There is now a spinner to decrease the likelihood that you add a requirement a second time by clicking Add while the first one is being added.
Now there is a message in this case that shows which requirement was satisfied by the test rather than a blank.
Very big plans that result in 5,000, 10,000, even 20,000+ parameter values in the overall test plan can tack a substantial amount of time for Hexawise to render (create the HTML that comprises the page) as each value gets some processing for things like bolding, purple italics, any value replacement, range expansion, etc.
This could result in a very long rendering time once the tests have been generated, sometimes so long as to time out the HTTP request.
Test plans that are very, very big like this now get a degraded rendering that forgoes the per value processing so that the rendering completes in a reasonable time. If a plan gets a degraded rendering it's explained in the user interface.
If you use Hexawise in multiple tabs, it's possible that the export dialog is open while you do something in the another tab that causes the cached generated tests to be cleared out. This would result in an error trying to export from the dialog. Hexawise is now smart enough to detect this rare situation and adjust.
The same security fix gone awry.
Most of the various panels you see in the Hexawise interface are collapsible and expandable and the current state is preserved so the interface stays how you last used it for that particular plan. There was a small exception to this in that the value pair panel auto-expanded as soon as you add a value pair (invalid pair or married pair). In this one case, where the panel auto-expanded, it wasn't sticky. So when coming back into the define inputs page for that plan the panel would be collapsed again.
This is a classic pair-wise defect. Value Pair panel collapse state is sticky? Check! Value Pair panel collapse state is sticky when value pair panel auto-expands due to value pair addition? Broken!
Broken no more.
When generating mixed-strength tests, you can't select fewer than n parameters to receive n-way coverage. For example, it doesn't make sense to ask for 3-way coverage on just 2 parameters. Hexawise has a user message explaining this, but this was covered up (literally in this case) in the user interface by a regression that happened when we changed how test generation results are retrieved. This issue is fixed.
Thanks to Geordie for pointing out the problem.
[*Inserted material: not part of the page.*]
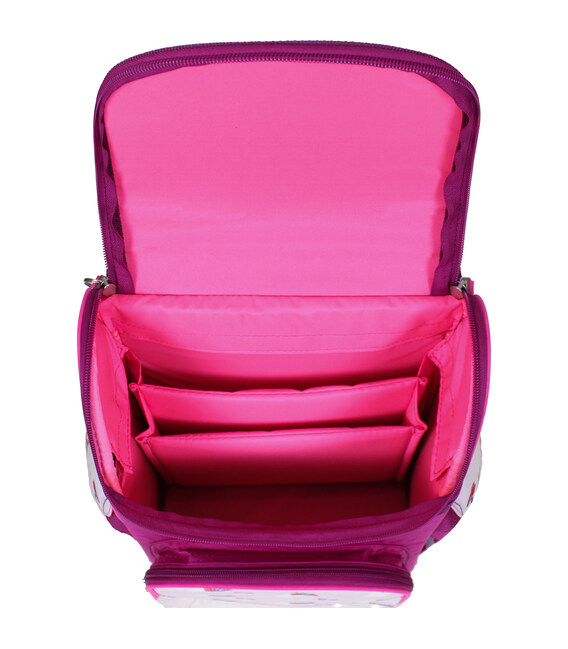 Ця модель оснащена основним великим відділенням, у якому помістяться всі необхідні канцтовари та навіть спортивна форма. Додатково всередині є відсік для зошитів, блокнота й альбому для малювання. Спереду є окрема кишеня на блискавці для пенала, а збоку розташовані кишені для пляшки з водою чи термочашки.

Mixed-strength tests start out with all parameters set to 2-way strength, but mixed-strength tests for this were still generated even if 2-way tests had already been generated. Rather than computing these as mixed-strength, Hexawise will now re-use 2-way, or 3-way or n-way tests from cache that match an all n-way mixed-strength test request.
The export type has to be represented somewhere, since you can export both at the same time into 1 zip file, but now the export type is in the directory name rather than the file name so the file name is more descriptive of the tests inside (file name is the test plan name and the strength of the tests, assuming it includes generated tests).
OPML importing is much more robust to a variety a variations in how the mind mapping or outlining tool might have exported the test plan inputs as OPML. Automated regression tests now in place on this to boot! QA FTW!